◆ Data records
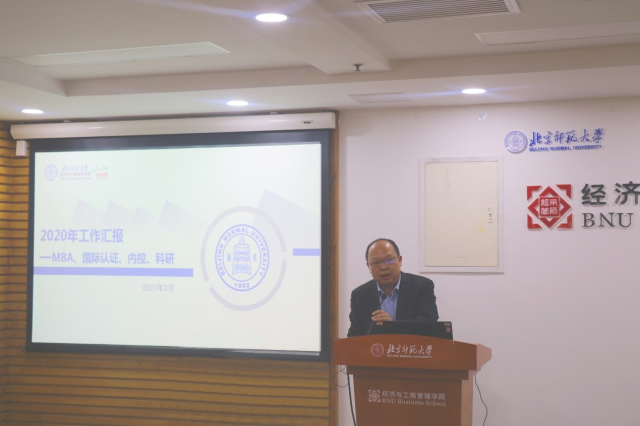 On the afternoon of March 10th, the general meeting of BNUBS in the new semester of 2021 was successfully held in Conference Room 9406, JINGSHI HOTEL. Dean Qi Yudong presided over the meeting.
--
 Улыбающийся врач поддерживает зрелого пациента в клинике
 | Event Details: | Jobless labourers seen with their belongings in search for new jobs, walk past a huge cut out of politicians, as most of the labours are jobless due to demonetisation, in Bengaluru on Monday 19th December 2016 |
---
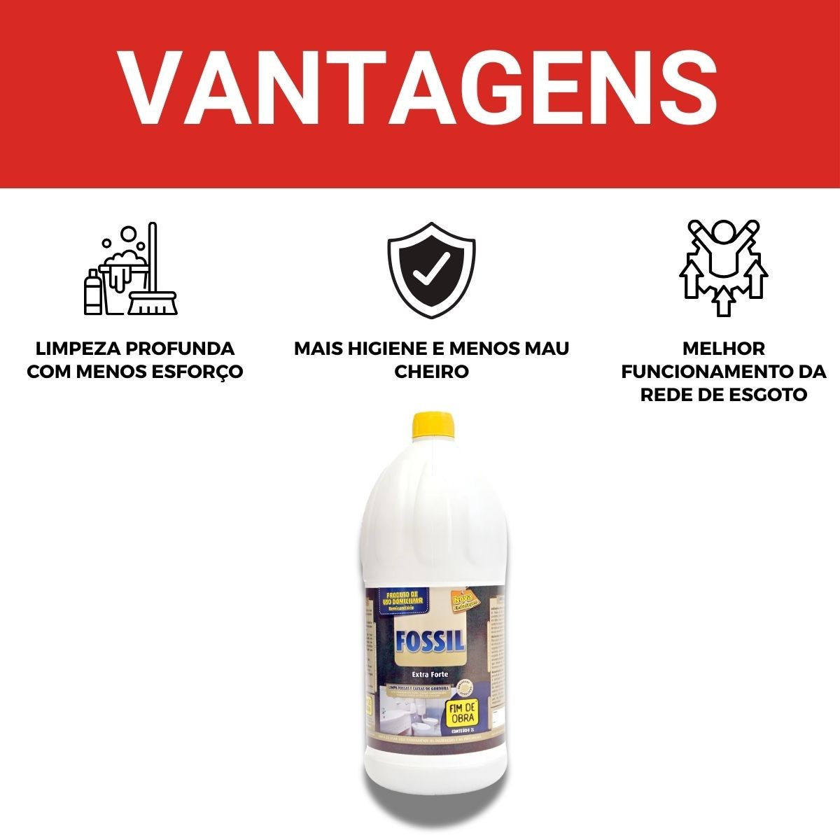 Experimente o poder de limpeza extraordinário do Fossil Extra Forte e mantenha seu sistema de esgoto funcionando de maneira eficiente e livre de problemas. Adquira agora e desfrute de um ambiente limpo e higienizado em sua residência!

◆ Aim of the task
Print the lines above from the one with "Улыбающийся врач поддерживает" through the one with "December 2016 |", both included, exactly as written and nothing more.

◆ Response to the exercise
 Улыбающийся врач поддерживает зрелого пациента в клинике
 | Event Details: | Jobless labourers seen with their belongings in search for new jobs, walk past a huge cut out of politicians, as most of the labours are jobless due to demonetisation, in Bengaluru on Monday 19th December 2016 |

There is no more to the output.